Using the listing below, output only the lines from the one that contains "Histoire : Maillot" through the one that contains "BARVA призначена для", inclusive, exactly as given and without images.

▸ DATA:
*** Begin section ***

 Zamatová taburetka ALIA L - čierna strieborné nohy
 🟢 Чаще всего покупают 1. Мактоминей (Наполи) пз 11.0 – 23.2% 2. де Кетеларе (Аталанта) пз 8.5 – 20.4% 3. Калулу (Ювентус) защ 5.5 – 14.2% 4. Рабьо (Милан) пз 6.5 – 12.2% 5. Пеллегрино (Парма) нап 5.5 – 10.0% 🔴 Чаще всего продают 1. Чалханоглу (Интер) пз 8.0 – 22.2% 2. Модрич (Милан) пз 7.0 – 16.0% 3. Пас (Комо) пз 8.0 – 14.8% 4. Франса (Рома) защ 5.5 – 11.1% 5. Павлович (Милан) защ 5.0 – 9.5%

*** End section ***
*** Begin section ***

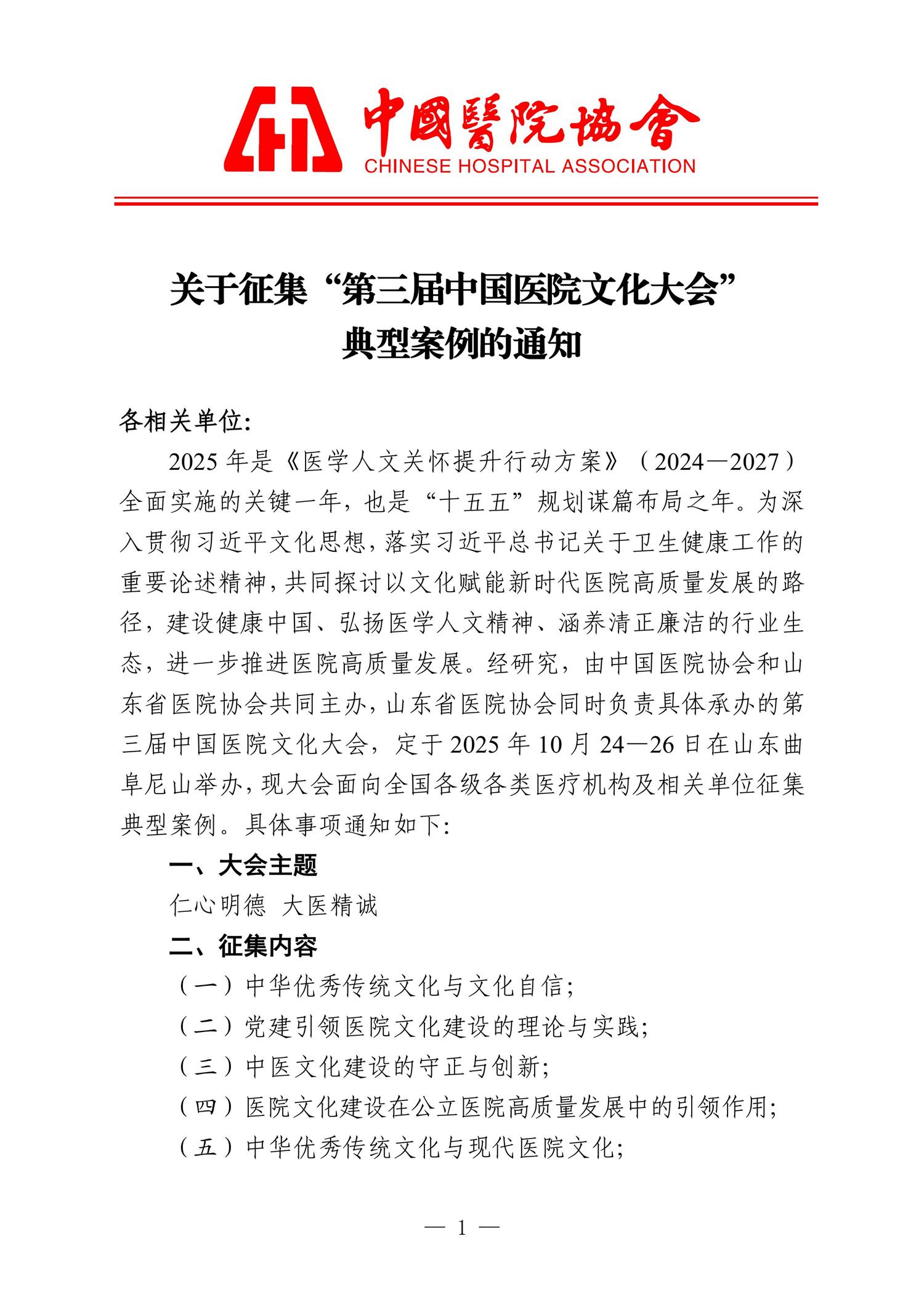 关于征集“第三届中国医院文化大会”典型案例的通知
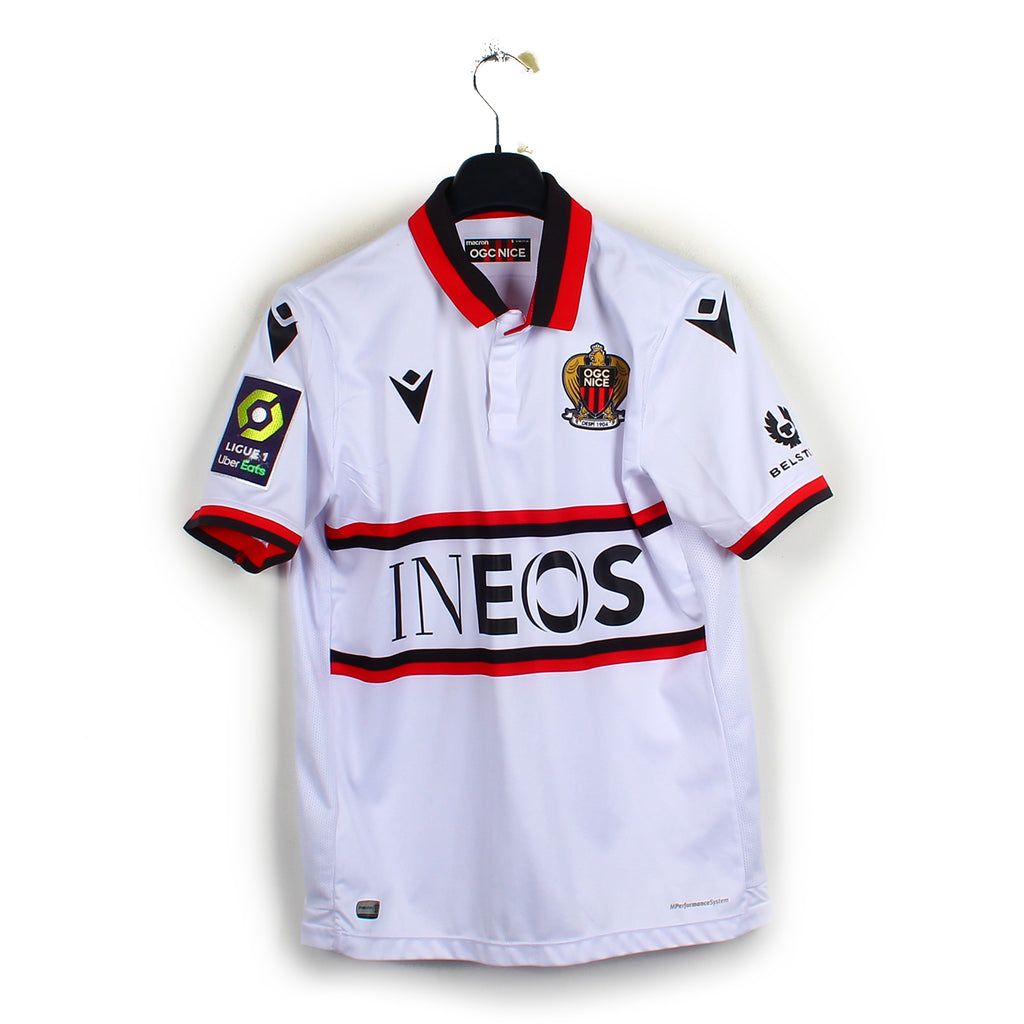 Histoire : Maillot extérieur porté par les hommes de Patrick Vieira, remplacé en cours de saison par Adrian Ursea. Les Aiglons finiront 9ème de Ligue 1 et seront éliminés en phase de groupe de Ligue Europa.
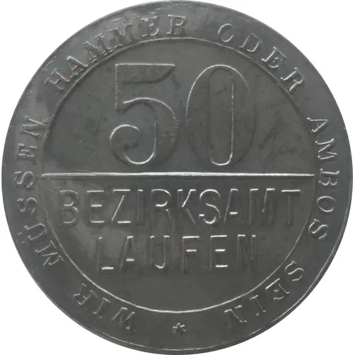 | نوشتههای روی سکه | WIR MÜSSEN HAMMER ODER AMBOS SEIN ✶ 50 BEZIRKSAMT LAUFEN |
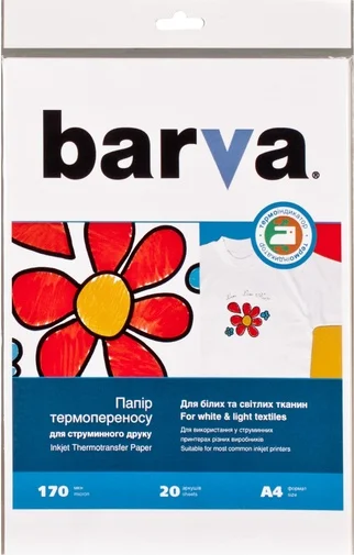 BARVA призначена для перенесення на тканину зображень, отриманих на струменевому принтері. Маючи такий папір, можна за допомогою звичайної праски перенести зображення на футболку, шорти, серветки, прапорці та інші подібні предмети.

*** End section ***

▸ OUTPUT OF THE EXERCISE:
 Histoire : Maillot extérieur porté par les hommes de Patrick Vieira, remplacé en cours de saison par Adrian Ursea. Les Aiglons finiront 9ème de Ligue 1 et seront éliminés en phase de groupe de Ligue Europa.
 | نوشتههای روی سکه | WIR MÜSSEN HAMMER ODER AMBOS SEIN ✶ 50 BEZIRKSAMT LAUFEN |
 BARVA призначена для перенесення на тканину зображень, отриманих на струменевому принтері. Маючи такий папір, можна за допомогою звичайної праски перенести зображення на футболку, шорти, серветки, прапорці та інші подібні предмети.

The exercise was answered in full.